The Business Journal
By Marci Pelzer

White-collar crooks, beware. Sequence Inc., Tracy Coenen’s nearly 3-year-old forensic accounting business, has grown 300 percent in 2002. It’s as if she looked into a crystal ball and saw the fates of Enron, Tyco and Worldcom coming before anyone else did.

When attorneys, claims adjusters and CEOs need to document embezzlement and fraud, win contract disputes, or resolve tax controversy, they call on Coenen to document misdeeds and testify in court. “My clients tell me to go find the money,” she says.

Coenen studied accounting and criminology at Marquette University. A class exploring the different kinds of white-collar crime piqued her interest, but at the time she was unsure of a practical application for her quirky passion. “I’m a numbers person,” she says.

After graduation she continued to pursue a dual education – informally studying the crime scene in a probation officer day job while pursuing her MBA and CPA on the side. She honed her accounting skills at firms large and small – Arthur Andersen and Peters & Associates, Brookfield – before striking out on her own in January 2000.

Coenen, who is also a certified fraud examiner, sees forensic accounting as an emerging field, but she has found marketing such a specialized service to be challenging. She devotes 15 hours of her 60 – 70 hour workweek to client development. “My biggest challenge is one-on-one relationship building. There is so much trust necessary in my line of work. It’s a matter of being patient while relationships mature,” she says.

Many of her clients are attorneys, including Foley & Lardner and Domnitz & Mawicke. “It’s harder to get to the decision-makers in the insurance industry,” Coenen says.

She attributes recent growth to wider awareness of corporate fraud, cultivating contacts over the long term and an image makeover that included a company name change, slick materials and a move downtown from her home office.

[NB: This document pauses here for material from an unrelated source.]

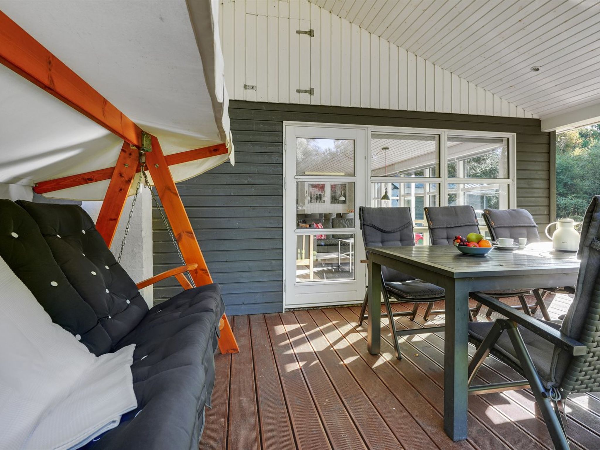 "Dorete" - 2.2km from the sea", 3-Zimmer-Haus 73 m2. Objekt geeignet für 6 Erwachsene + 1 Kind. Wohnzimmer mit 1 Doppeldiwanbett, TV, CD, Stereoanlage und DVD. 1 Zimmer mit 1 Doppelbett. 1 Zimmer mit 1 Doppelbett. Küche (4 Kochplatten, Backofen, Geschirrspüler, Mikrowelle, Tiefkühler). Dusche/WC. Terrasse 20 m2, überdacht. Zur Verfügung: Kinderhochstuhl, Babybett. Internet (WLAN). Bitte beachten: Nichtraucher-Unterkunft. Maximal 1 Haustier/Hund erlaubt. 550-11780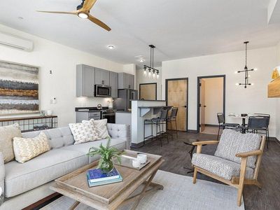 - Updated kitchen with electric range, microwave, refrigerator, and dishwasher

Coenen says reading “Encyclopedia Brown” mysteries as a child may have been a formative experience, but she definitely caught the entrepreneurial bug early on. “I always knew I was the kind of person who wanted to be in charge of my own destiny,” she says.

She chose Sequence, Inc. as the company name because it communicates the sense of putting things in order. John Peters, shareholder at Peters & Associates, Coenen’s former firm, says many accountants are attracted to forensic accounting – a field that has been known as litigation support services. “Tracy was always energetic and excited,” he says.

“Owning my own business is even more exciting than I thought. I realize that I could have set my goals even higher in the beginning,” she says.

About the Awards: Each year, the Business Journal of Greater Milwaukee sponsors the Women of Influence awards to honor leaders in ten different categories. In 2002, over 150 nominations were received. Sequence Inc.’s owner was chosen as a winner in the category of “Innovation”, both for her entrepreneurial style and for her vision within the field of accounting.